Partial env region sequencing
Each amplified product, from either virion and provirus replicates, was marked with the Big Dye Kit (Ready Reaction Mix, Applied Biosystems, Foster City, CA) with the primers V3O2, forward position 5′ AAT GTC AGY ACA GTA CAA TGT ACA C 3′ (6948→6969), ES7, forward position 5′ CTG TTA AAT GGC AGT CTA GC 3′ (7005→7021), ED33 reverse position 5′ TTA CAG TAG AAA AAT TCC CCT C 3′ (7360←7378), and SQV3, reverse position 5′ GAA AAA TTC CCT TCC ACA ATT AAA 3′ (7350←7370). Cycle sequencing conditions consisted of 25 cycles at 96°C for 10 s, 50°C for 5 s, 60°C for 4 min, and 8°C for infinity. After cycle sequencing, DNA precipitation using a solution of sodium acetate and ethanol was followed by denaturation using Hi-Di Formamide at 94°C for 4 min and resolved at an automated sequencer Genetic Analyzer 3130 XL (Applied Biosystems).
Viral tropism determination
Electropherogram data were analyzed using Sequencher 4.6 software (USA). Sequences were edited manually and a contig was generated based in two or more sense and antisense sequences, considering ambiguous nucleotides as mixtures. Sequences were evaluated using web-based tools such as NCBI locator, BLAST, and genotyping, with reevaluation of the electropherogram whenever needed. The coreceptor usage of HIV-1 was predicted from the V3 env region nucleotide sequence by geno2pheno URL:
Distance metrics
Estimation of diversity at V3 of each sequence (intrasequence) was evaluated as the number of nonsynonymous ambiguities, nucleotide mixtures that would lead to codification of more than one amino acid (NSA) and as the ambiguity index, that is, the number of all degenerate nucleotides, excluding N, divided by the total number of nucleotides. The diversity intersequences (between replicates) was quantified by Protdist (Protein distance matrix—version 3.5c, BioEdit Sequence Alignment Editor, v7.2.5); dispersion was quantified by comparing the paired standard deviation of the sequence's FPR among replicates (n=26). The relationship of the sequences and subtypes was evaluated by phylogenetic analysis utilizing the neighbor-joining (NJ) phylogenetic tree, using the evolutionary model selected for the dataset by Modeltest TVM+i+g with PAUP software v4.0b and using a Bayesian inference method available in the software BEAST version 1.7.4. Each sequence of the corresponding data set was dated and a maximum clade credibility (MCC) tree was generated. The internal nodes were inferred using a Markov chain Monte Carlo (MCMC) Bayesian approach under a GTR model with a gamma proportion for the nucleotide heterogeneity model, as selected by Modeltest. An MCMC run of three chains was run for 10 million generations.
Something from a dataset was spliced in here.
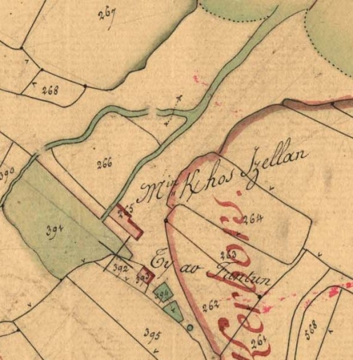 Extrait du cadastre de 1829 : le moulin à eau de Milin Koz Izellan : D1ère feuille 265 (AD 22)Immatriculation
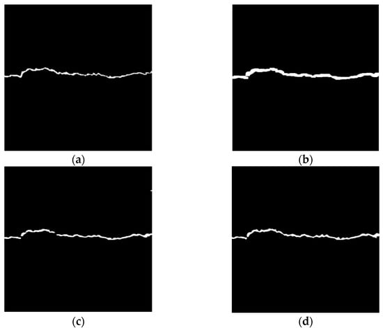 Figure 11 shows the processing results for these two global threshold methods. Figure 11b displays the processing results for a larger threshold (T = 200). Although it ensures that all input images completely filter out the noise from the asphalt aggregate gap, it leads to a considerable loss of details in the crack area, and even leads to breaks. In Figure 11c, the Otsu algorithm preserves relatively complete information about the crack profile, but fails to filter out noise from the asphalt aggregate gap.

Convergence of parameters during the MCMC run was assessed by their effective sample size (ESS) reaching values above 200 as calculated with Tracer v1.5 24. Sequences are available at GenBank with accession numbers KF947399–KF947425 and KF947426–KF947513.
Statistical analyses
Epi Info 6.04d (CDC, Atlanta, GA) and Microsoft Excel 2007 were used for data storage. t tests, Wilcoxon signed rank test, and linear regression and correlation (Spearman) were done with Prism GraphPad 5.0. Results are expressed as medians, with a level of significance of p<0.05, two tailed.
Results
Cell and plasma paired single sequences from 28 patients and paired replicates (two to five sequences) from 26 patients were evaluated, with six cases excluded (three cases with plasma replicate and cell single and three with single plasma and cell replicate). Most patients were multiantiretroviral experienced with advanced disease (Supplementary Table S1; Supplementary Data are available online at
The median number of sequences NSA and the ambiguity index were similar in sequences that originated from either virions or provirus and both plasma and cell-derived clonalFPR showed a negative correlation with the number of NSA (p=0.0009 and p<0.0001, respectively) (Supplementary Fig. S1A and B). The paired cell/plasma lowest clonalFPR value showed a strong correlation (r=0.86, p<0.0001) (Fig. 1). Discordances were observed at the different geno2pheno (g2p) cutoffs commonly used in clinical prediction (Supplementary Table S2). When only cases with cell/plasma paired triplicates are considered, 29% (2/7) discordances at clonalFPR10% were identified. The use of position-specific scoring matrices (PSSM) also showed cell/plasma discordances both in single pairs (5/28) and with replicates (6/26), and these tools disagreed in 14 (33/234) sequence-based predictions (Supplementary Tables S3 and S4). Evaluating the dispersion of FPR values from replicate sequences, the standard deviation of cell-derived FPR was significantly greater than that of plasma-derived sequences (p=0.003) (Fig. 2). Moreover, the genetic distance was significantly higher in provirus as compared to that from virions (p<0.0001) (Fig. 3). The genetic distance from both cell and plasma replicates showed no significant correlation with CD4 counts or viral load (data not shown). The phylogenetic relationship of each patient sequence was suggested by different phylogenetic methods. In Supplementary Fig. S2 a representative Bayesian tree is shown, with the non-B and a subset of B cell and plasma sequences along with references from GenBank (Supplementary Table S5). Sequences from the same patient form clusters, mostly with high bootstrap, but no clear cell/plasma or R5/X4 relationship can be observed.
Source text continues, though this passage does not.